* RECORDS SUPPLIED
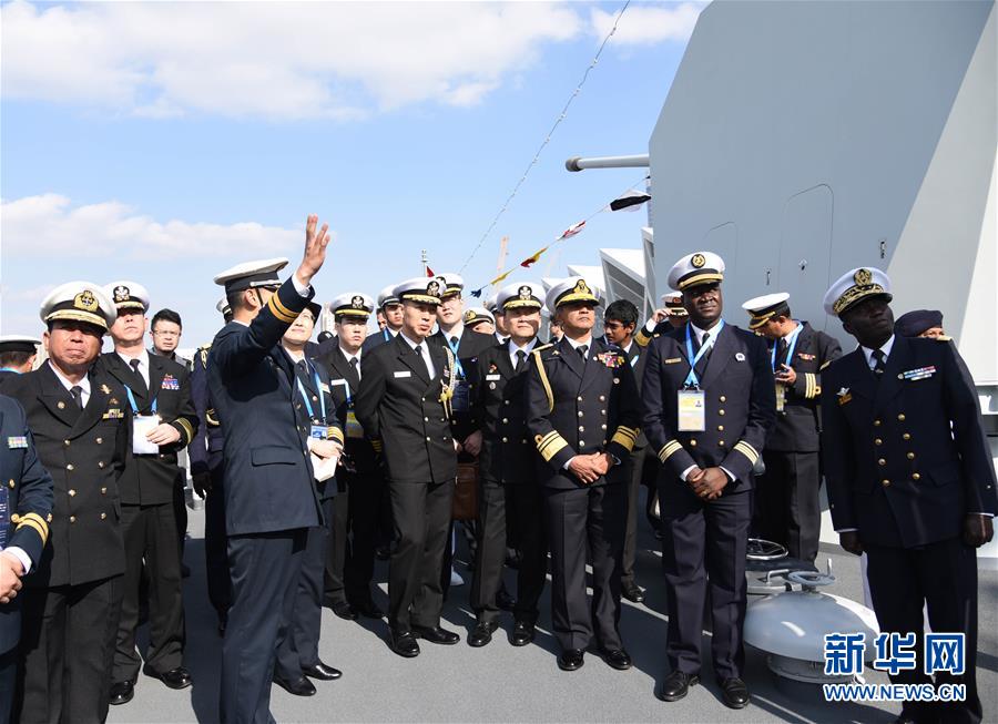 4月25日,海军代表团团员在“贵阳”号导弹驱逐舰上参观。 当日,参加庆祝中国人民解放军海军成立70周年多国海军活动的海军代表团登上中国部分海军舰船参观,并与中国海军官兵交流。 新华社记者李紫恒摄
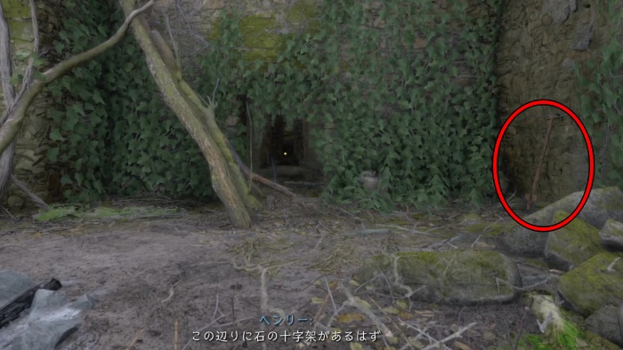 森の中を進むと廃墟があります。シャベルがこの後必要になるので、持っていない場合は右側の壁に立てかかっているシャベルを入手しましょう。
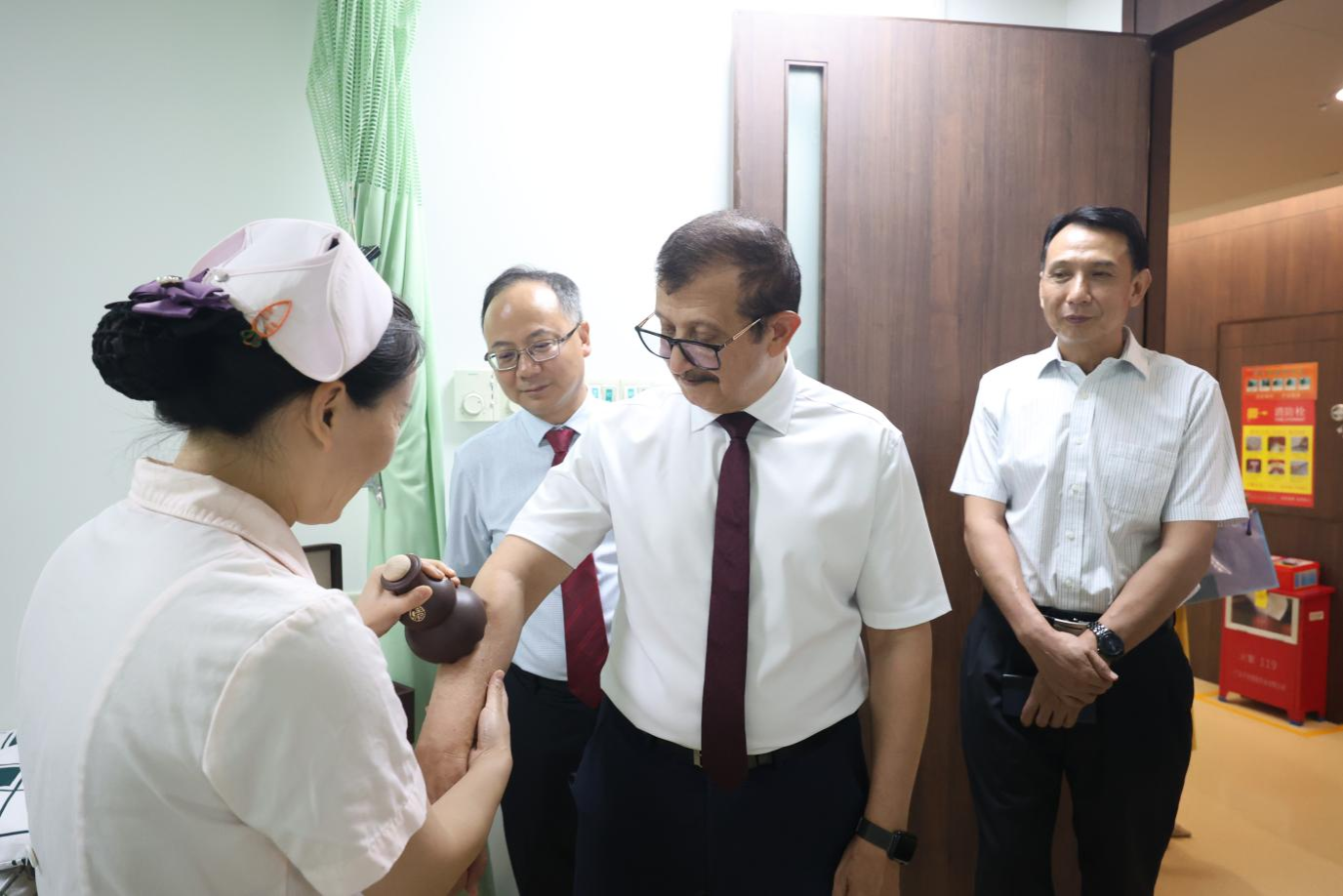 双方共同观看了Beat365中文官方网站第二附属医院(广东省中医院)介绍视频,听取了医院骨伤科、针灸科发展介绍,并围绕合作议题进行了深入交流。穆罕默德•伊勒-塔纳尼一行还参观了医院中药房、智慧药房及治未病科。
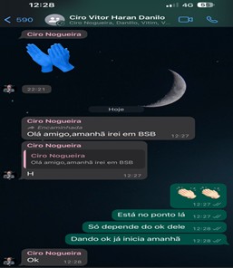 Ciro Nogueira, ex-ministro da Casa Civil de Jair Bolsonaro, não é investigado no inquérito. Mas a Carbono Oculto 86 (o número faz referência ao DDD de Teresina) identificou um grupo de WhatsApp do qual o senador participou, intitulado Ciro Vitor Haran Danilo. Era uma referência ao nome dos integrantes: além do próprio Ciro e da dupla de empresários Haran e Danillo, estava lá Victor Linhares de Paiva, tratado informalmente como Vitinho. Ele é uma figura próxima de Ciro. Foi seu assessor no Senado, exerceu mandato de vereador em Teresina pelo PP e também está na lista de denunciados pelo Ministério Público do Piauí, acusado de lavar dinheiro para o esquema.
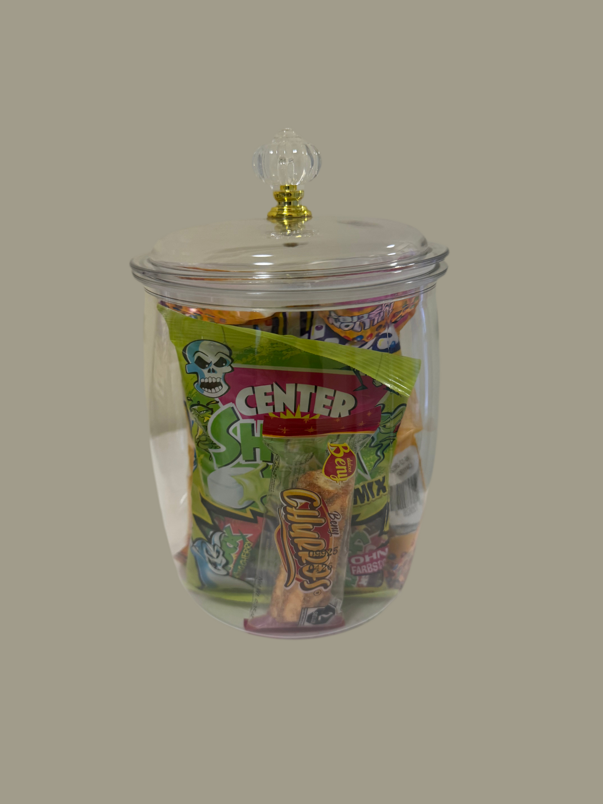 Dieses hochwertige Acrylglas ist gefüllt mit einer kunterbunten Mischung aus Süßigkeiten, die für Abwechslung sorgen – von super sauren Kaubonbons über prickelnde Knallbonbons bis hin zu kultigen Klassikern.
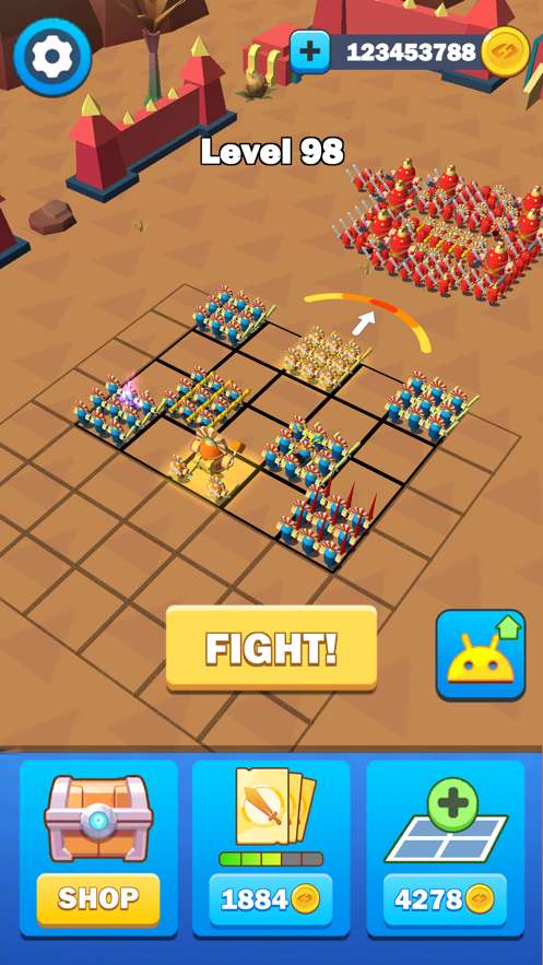 3、每次击败敌人,都能收获敌方的军团,升级你的武力值,自由的搭配竞技。

* WHAT TO PRODUCE
Output exactly those lines of the data above that run from the line with "森の中を進むと廃墟があります" up to and including the line with "Ciro Nogueira, ex-ministro". No pictures go in.

* ANSWER BELOW
 森の中を進むと廃墟があります。シャベルがこの後必要になるので、持っていない場合は右側の壁に立てかかっているシャベルを入手しましょう。
 双方共同观看了Beat365中文官方网站第二附属医院(广东省中医院)介绍视频,听取了医院骨伤科、针灸科发展介绍,并围绕合作议题进行了深入交流。穆罕默德•伊勒-塔纳尼一行还参观了医院中药房、智慧药房及治未病科。
 Ciro Nogueira, ex-ministro da Casa Civil de Jair Bolsonaro, não é investigado no inquérito. Mas a Carbono Oculto 86 (o número faz referência ao DDD de Teresina) identificou um grupo de WhatsApp do qual o senador participou, intitulado Ciro Vitor Haran Danilo. Era uma referência ao nome dos integrantes: além do próprio Ciro e da dupla de empresários Haran e Danillo, estava lá Victor Linhares de Paiva, tratado informalmente como Vitinho. Ele é uma figura próxima de Ciro. Foi seu assessor no Senado, exerceu mandato de vereador em Teresina pelo PP e também está na lista de denunciados pelo Ministério Público do Piauí, acusado de lavar dinheiro para o esquema.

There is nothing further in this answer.